### Exercise directions
Quote only the span from the first line of the entries to the line containing "3. Pull and", both ends kept. Leave every picture out.

### Provided records
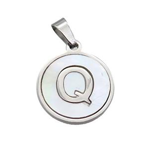 • Raw Stainless Steel Pendant Pave White Shell Letter-Q, approx 15mm dia
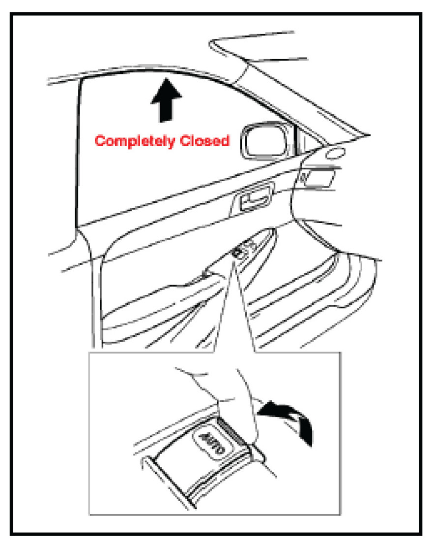 3. Pull and hold up the driver's door power window switch until the window closes. Continue holding the switch for approximately one second until the switch changes from blinking to a constant illumination.
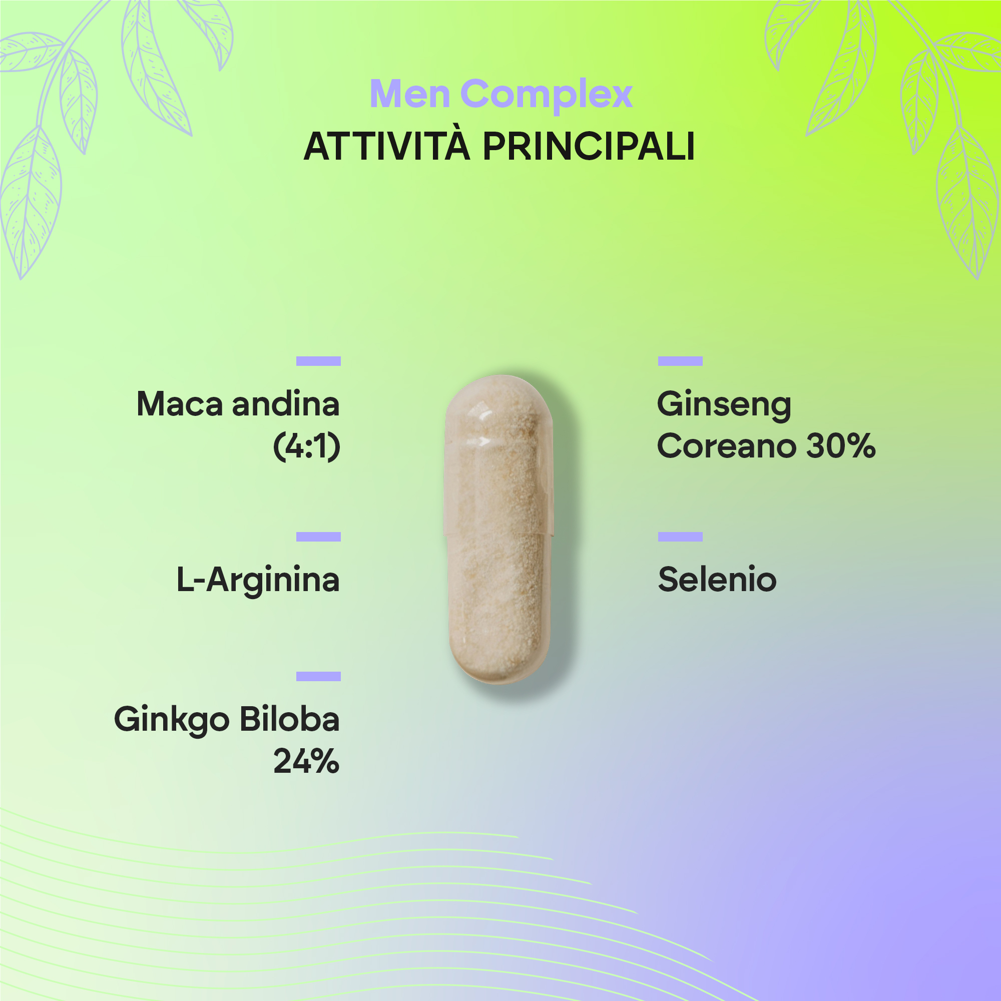 L-arginina, Maca 4: 1 estratto secco (Lepidium meyenii Walp., Root), agente di carica (cellulosa microcristallina), capsula vegetale: agente di rivestimento (idrossipropilmetilcellulosa), ginseng coreano estratto secco (Panax ginseng CA Meyer, radice e foglie, 30 % ginsenosidi), Ginkgo biloba estratto secco (Ginkgo biloba L., foglie, 24% glicosidi flavonoidi), Tribulus terrestris estratto secco (Tribulus terrestris L., frutto, 40% saponine), Antiagglomerante (stearato di magnesio), citrato di zinco, antiagglomerante (biossido di silicio), selenito di sodio.
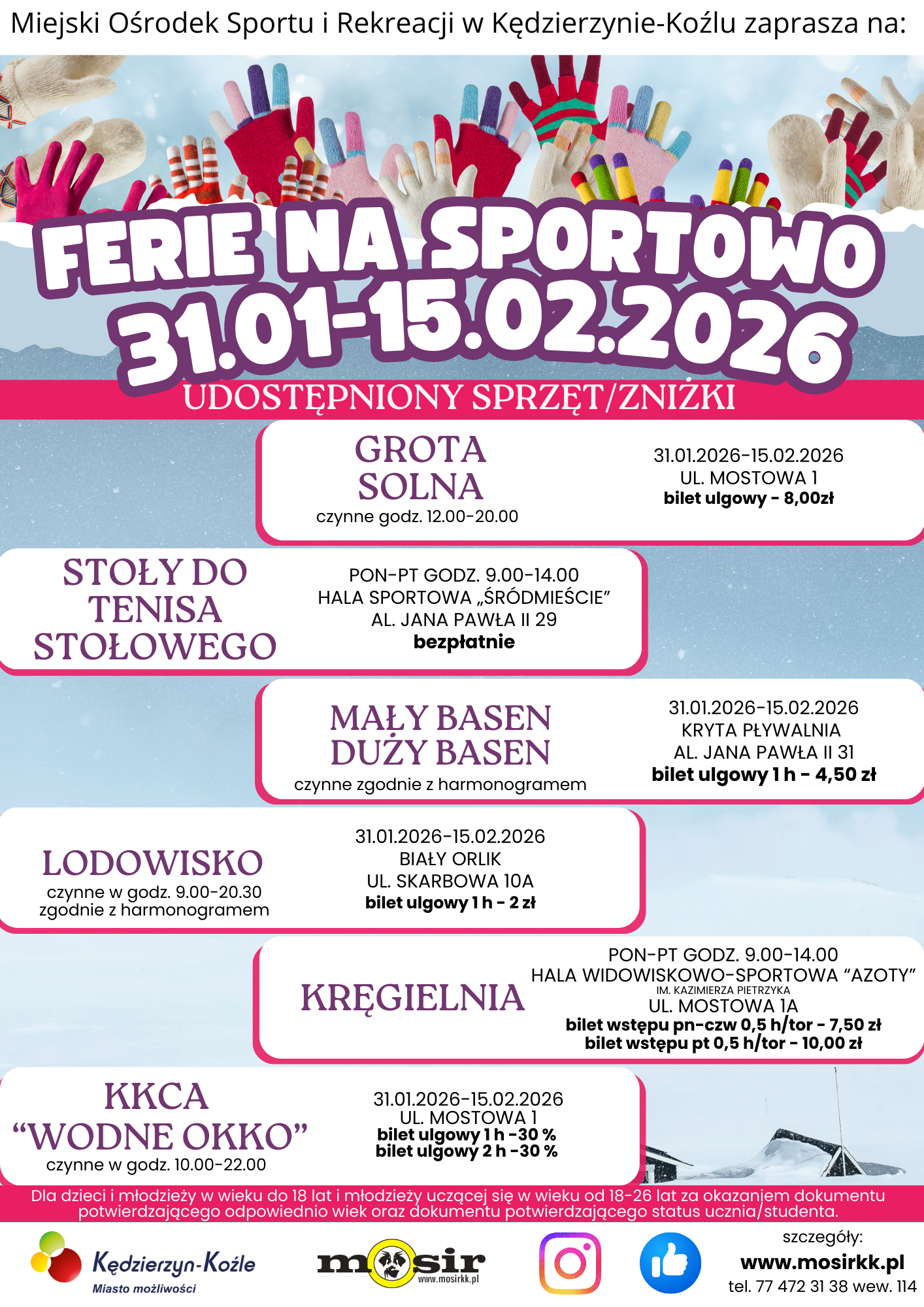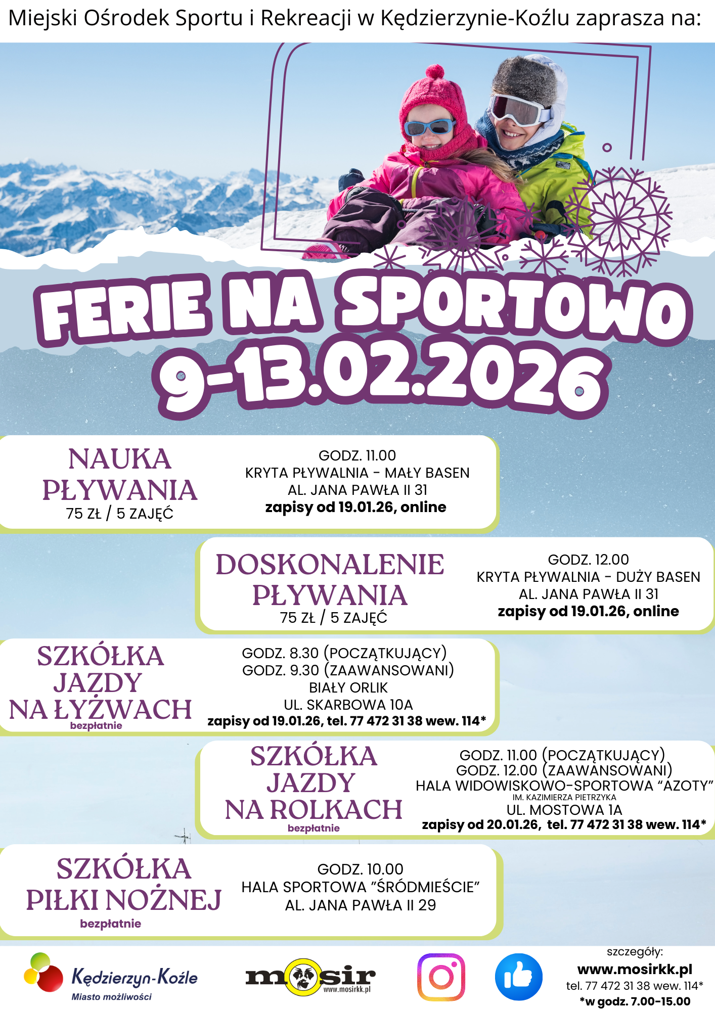 Przekazujemy propozycję zajęć zorganizowanych oraz zniżek w ramach akcji „Ferie na sportowo 2026”, przygotowanej przez Miejski Ośrodek Sportu i Rekreacji w Kędzierzynie-Koźlu. Oferta skierowana jest do dzieci i młodzieży szkół podstawowych.
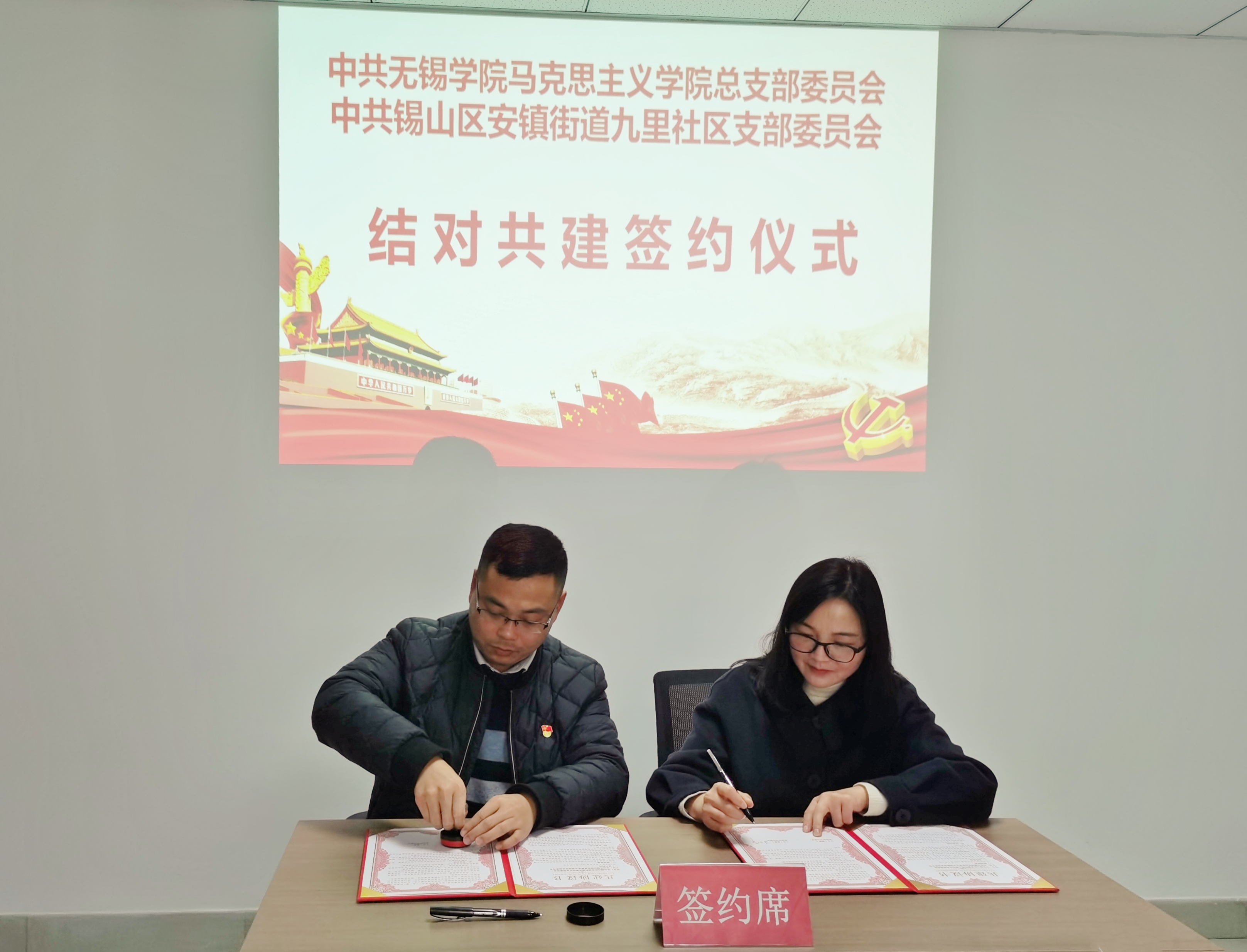 为了深入贯彻落实十九届六中全会精神,打造高校与社区共建共治共享新局面。1月6日上午,马克思主义学院与九里社区结对共建签约仪式在九里社区党群服务中心举行。无锡学院党委宣传部负责人程艳丽、马克思主义学院负责人王玉萍、专业系主任张毅、沈妉老师参加此次活动。
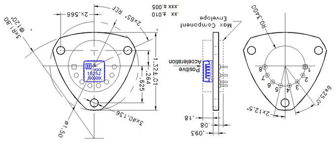 The model 2225 input axis is perpendicular to the PCB. The seismic center is located at the center of the PCB inside the LCC accelerometer, approximately 0.110 inches (2.75 mm) above the top of the PCB, the reference surface for the 2225.
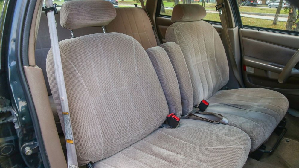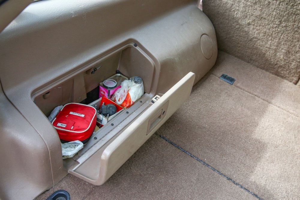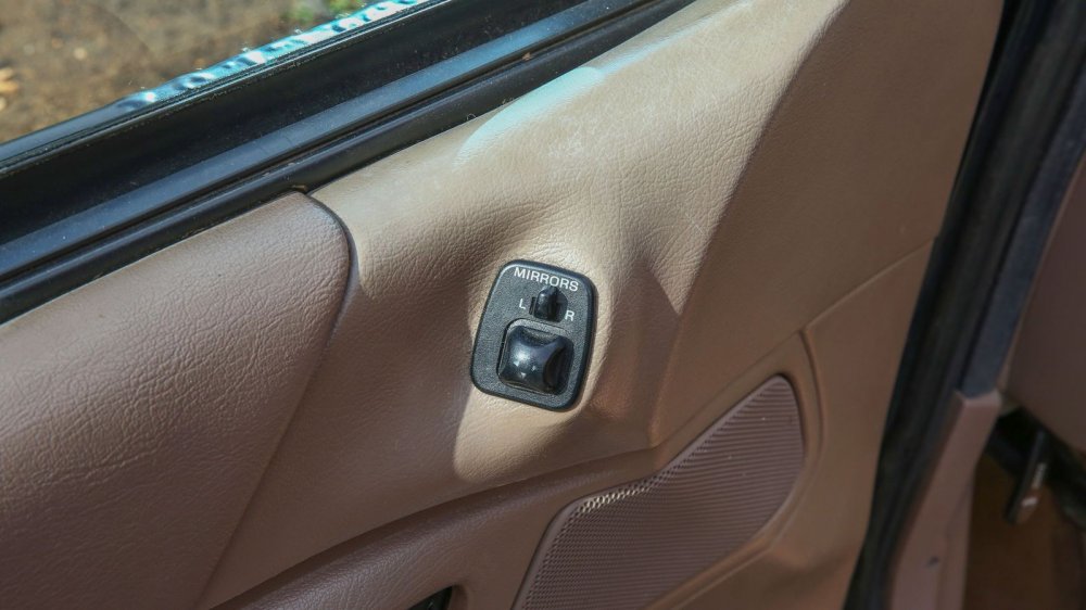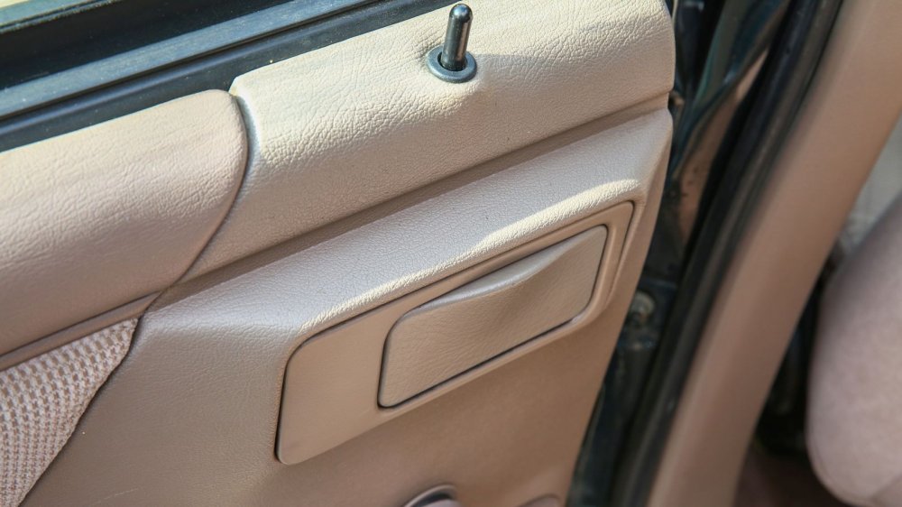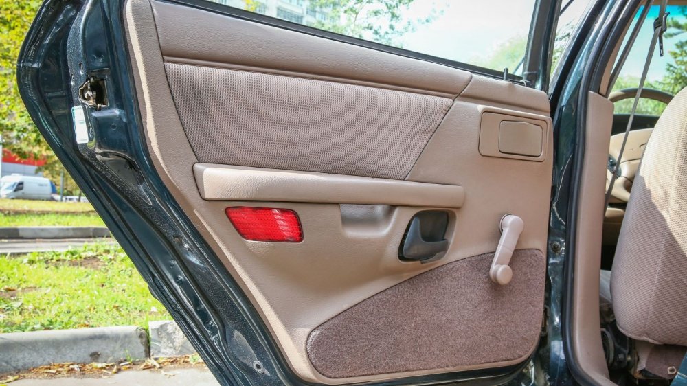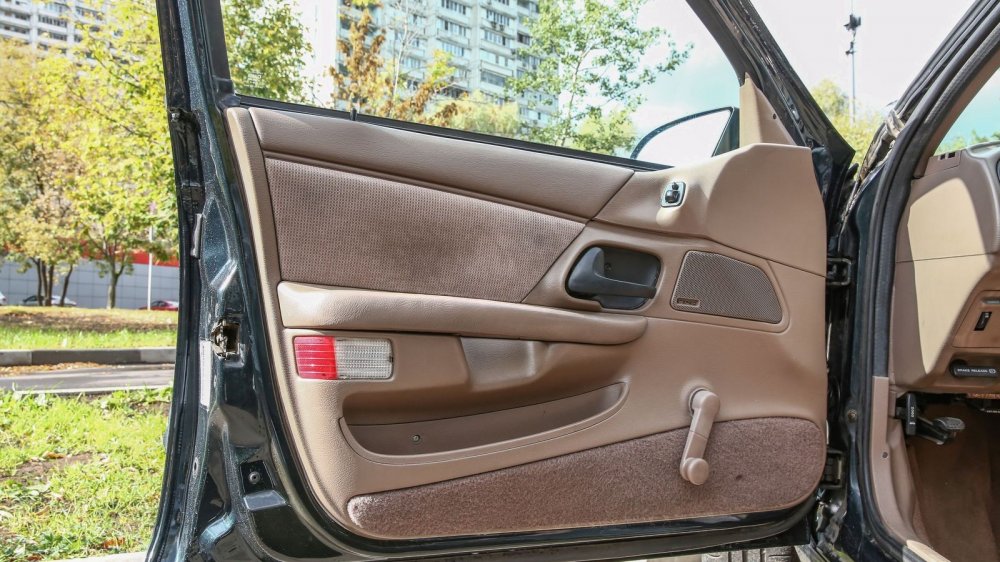 Несмотря на простейшую комплектацию, многие моменты выдают высокий для своего времени класс машины. К примеру, двери представляют собой сложную сборную конструкцию, в которой соединена масса отдельных элементов: два варианта тканевой отделки, два варианта эластичного винила разной фактуры и жесткости, блок электрорегулировки зеркал, подсветка ног и габаритный фонарь. На решетке динамика наклеен умилительный шильдик «stereo» – время моно ушло не так давно и стереозвуком гордились! Задняя пара динамиков, кстати, встроена в потолок – чтобы звук к пассажирам дивана шел свободно и не перекрывался вещами или ногами.
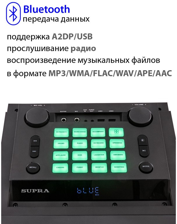 - Регулировка низких и высоких частот: есть + эхо-эффекта канала микрофона

### Solution to this task
 • Raw Stainless Steel Pendant Pave White Shell Letter-Q, approx 15mm dia
 3. Pull and hold up the driver's door power window switch until the window closes. Continue holding the switch for approximately one second until the switch changes from blinking to a constant illumination.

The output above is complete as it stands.